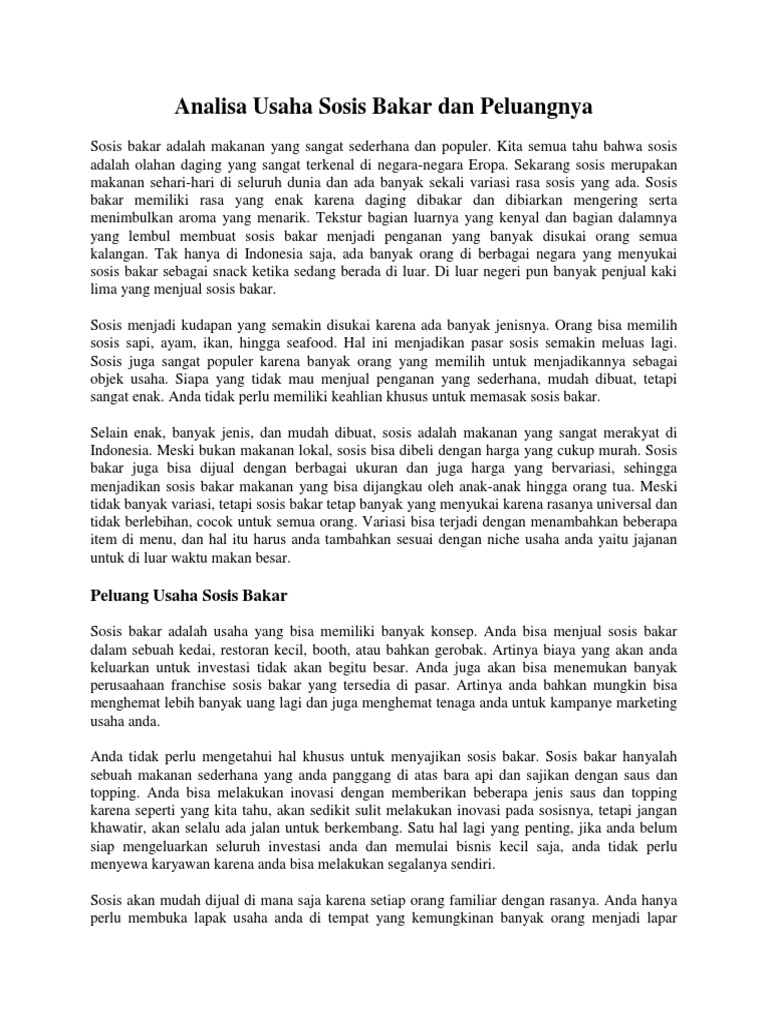 Analisa Usaha Sosis Bakar dan Peluangnya
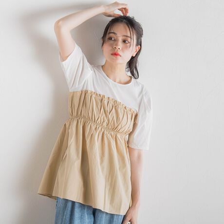 1枚着るだけでビスチェをレイヤードした様なスタイルが決まるドッキングタイプのカットソー。
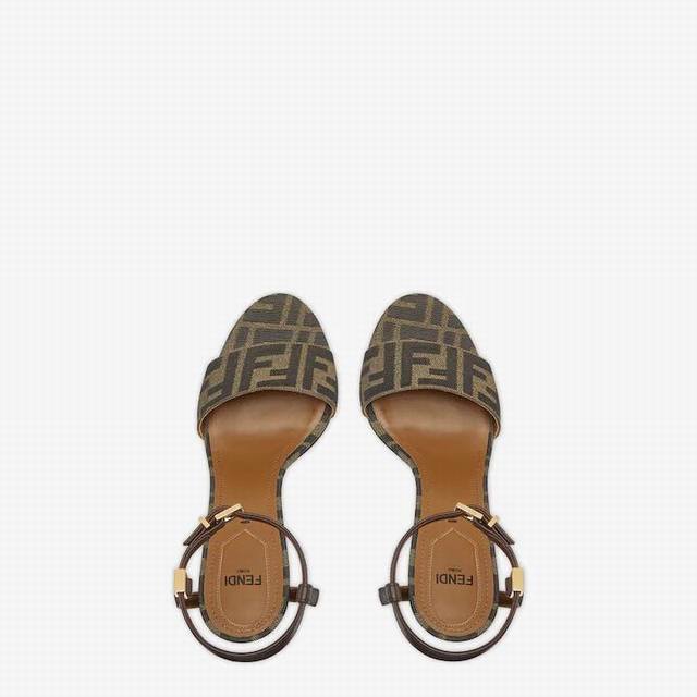 Delfina Metal Strappy Heels. The sleek lace-up closure is streamlined, while the leather and custom fabric add a stylish touch. The soft, delicate metal strap at the ankle and the heel are embellished with cutout details and a gold-tone metal Ff pattern. The clean, sleek upper is paired with a shimmering, metallic block heel for comfort, style, and ease.
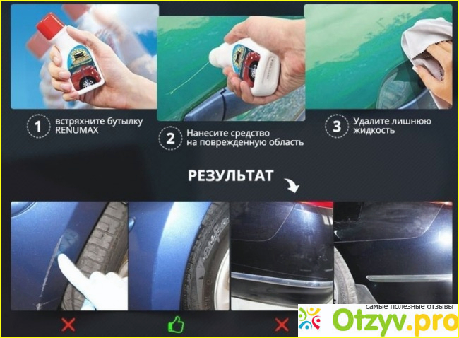 Эффект после использования средства я заметила сразу, чудодейственным образом, царапина действительно пропадает и машина превращается обратно в красивую, равномерно окрашенную машинку. С этим средством, можно не бояться коррозии, царапин. Поэтому, я рекомендую присмотреться к Ренамакс, поскольку считаю его необходимым средством каждому автомобилисту.
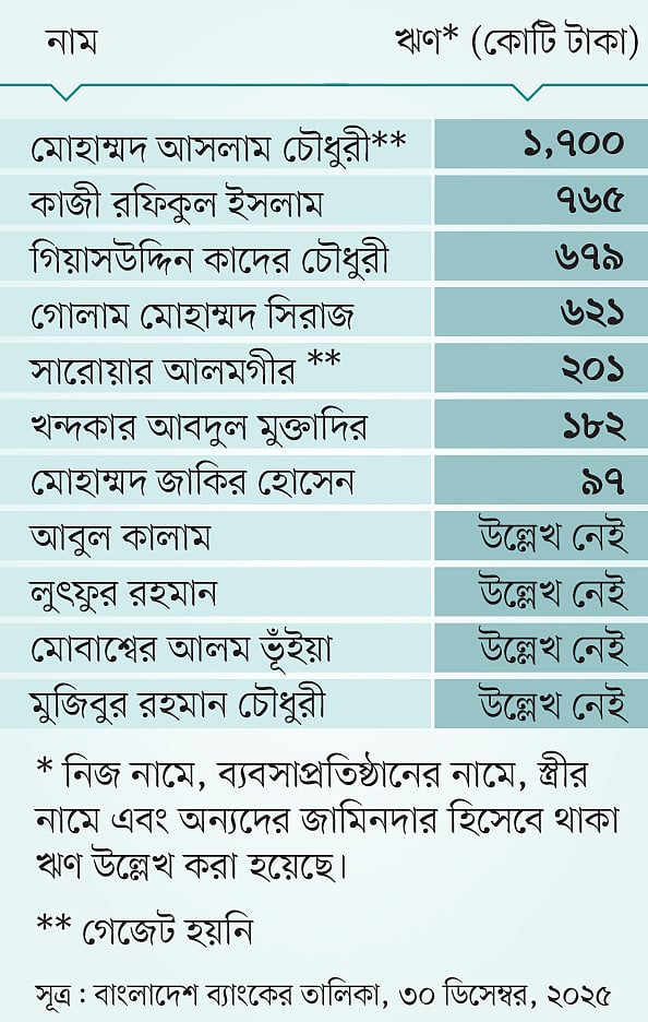 চট্টগ্রাম-৬ (রাউজান) আসন থেকে বিজয়ী বিএনপির সংসদ সদস্য গিয়াসউদ্দিন কাদের চৌধুরীর নামে ৬৭৯ কোটি ৩৮ লাখ টাকার খেলাপি ঋণ ছিল। তাঁকে ঋণখেলাপি দেখানোর ওপর আদালতের স্থগিতাদেশ ছিল গত ২৩ ফেব্রুয়ারি পর্যন্ত (নির্বাচনের পর ১১ দিন)।
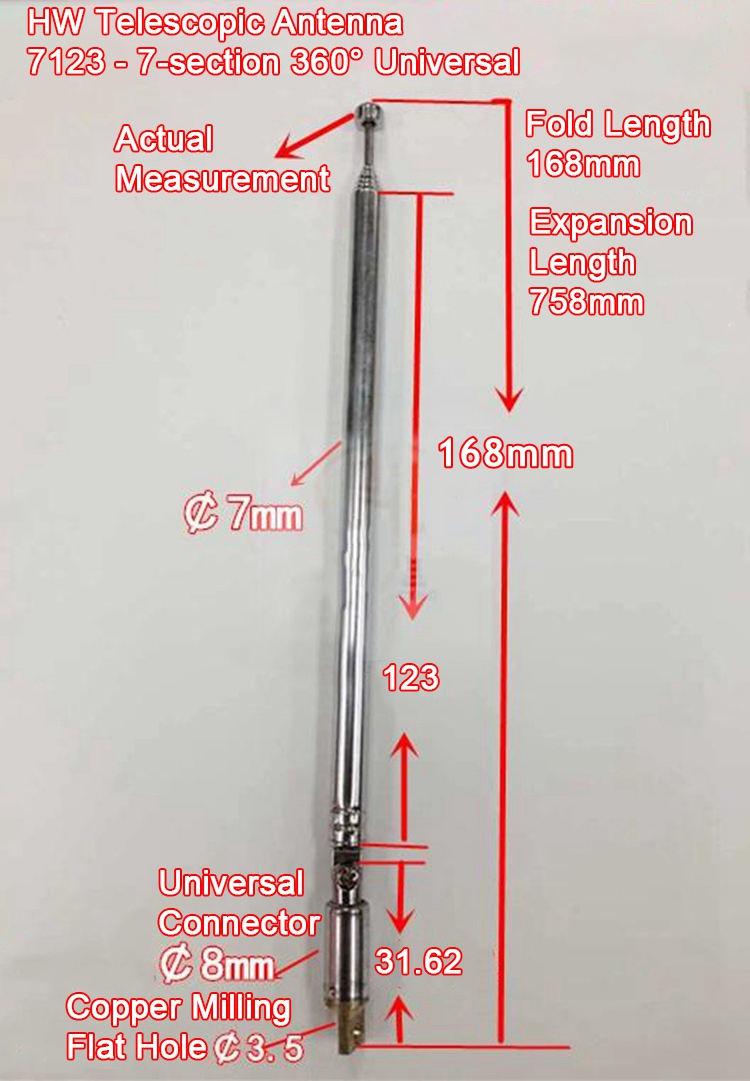 7123 Telescopic Antenna 7-section 360-degree Rotary Connector 168mm-758mm Antenna for Radio Stations
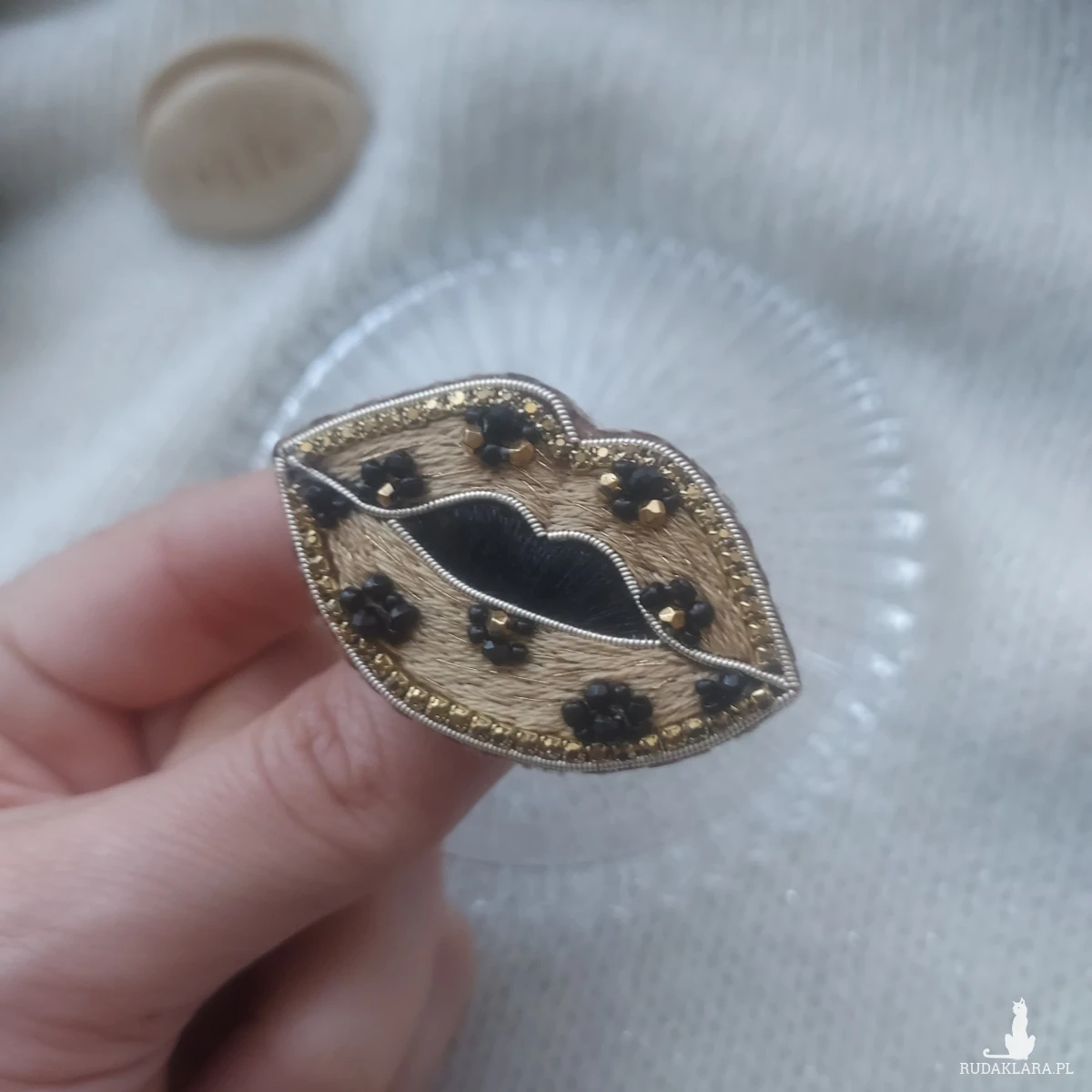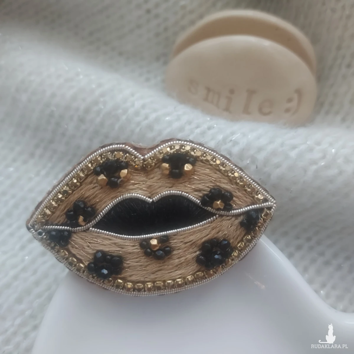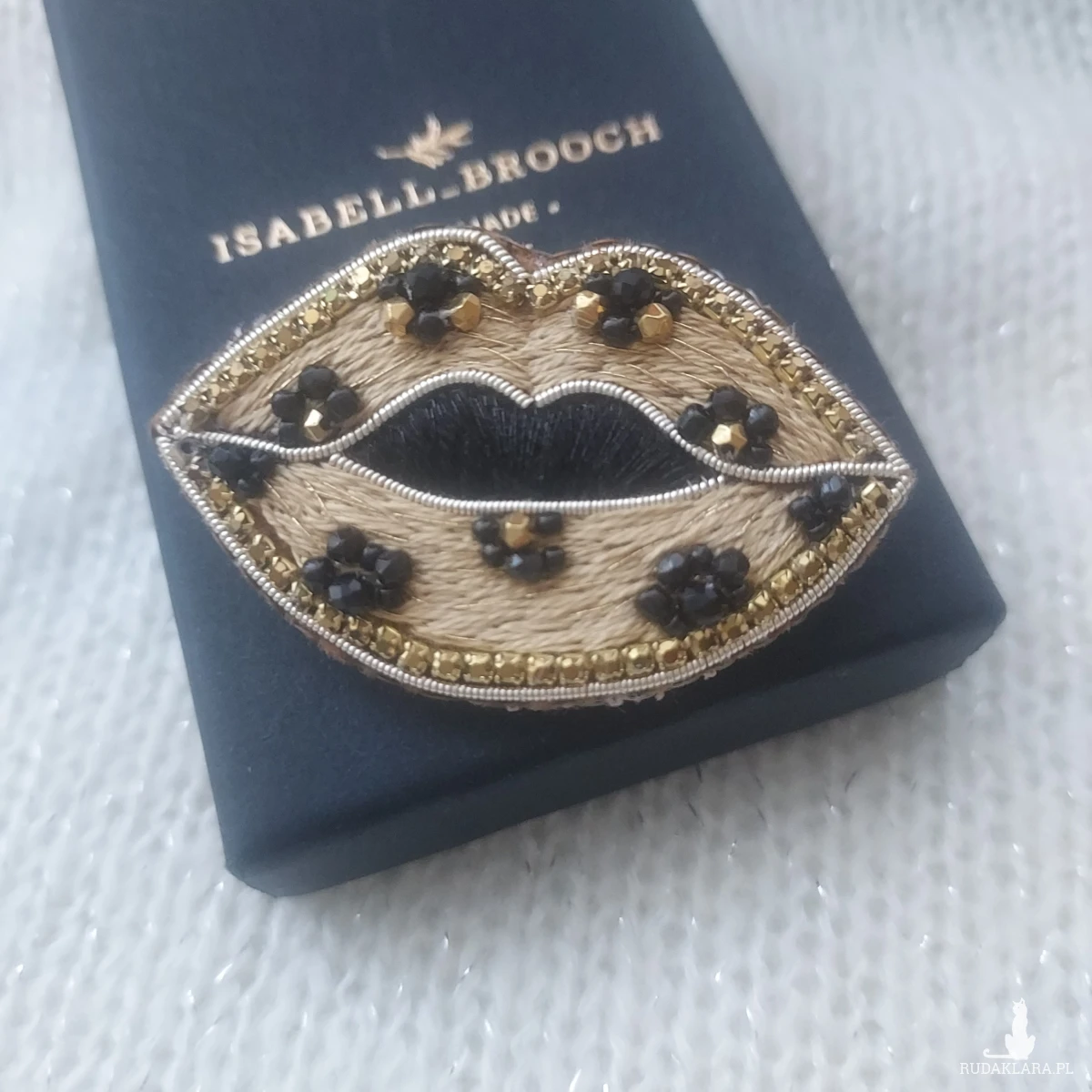 Mam dla Ciebie uroczą broszkę CAŁUŚNE USTA w panterkę w złotym wykończeniu.

- **WORK REQUEST**
When pictures appear in the records above, leave them out and reproduce exactly each line from the first through the line containing "Delfina Metal Strappy", both included.

- **SOLUTION TO THE PROBLEM**
 Analisa Usaha Sosis Bakar dan Peluangnya
 1枚着るだけでビスチェをレイヤードした様なスタイルが決まるドッキングタイプのカットソー。
 Delfina Metal Strappy Heels. The sleek lace-up closure is streamlined, while the leather and custom fabric add a stylish touch. The soft, delicate metal strap at the ankle and the heel are embellished with cutout details and a gold-tone metal Ff pattern. The clean, sleek upper is paired with a shimmering, metallic block heel for comfort, style, and ease.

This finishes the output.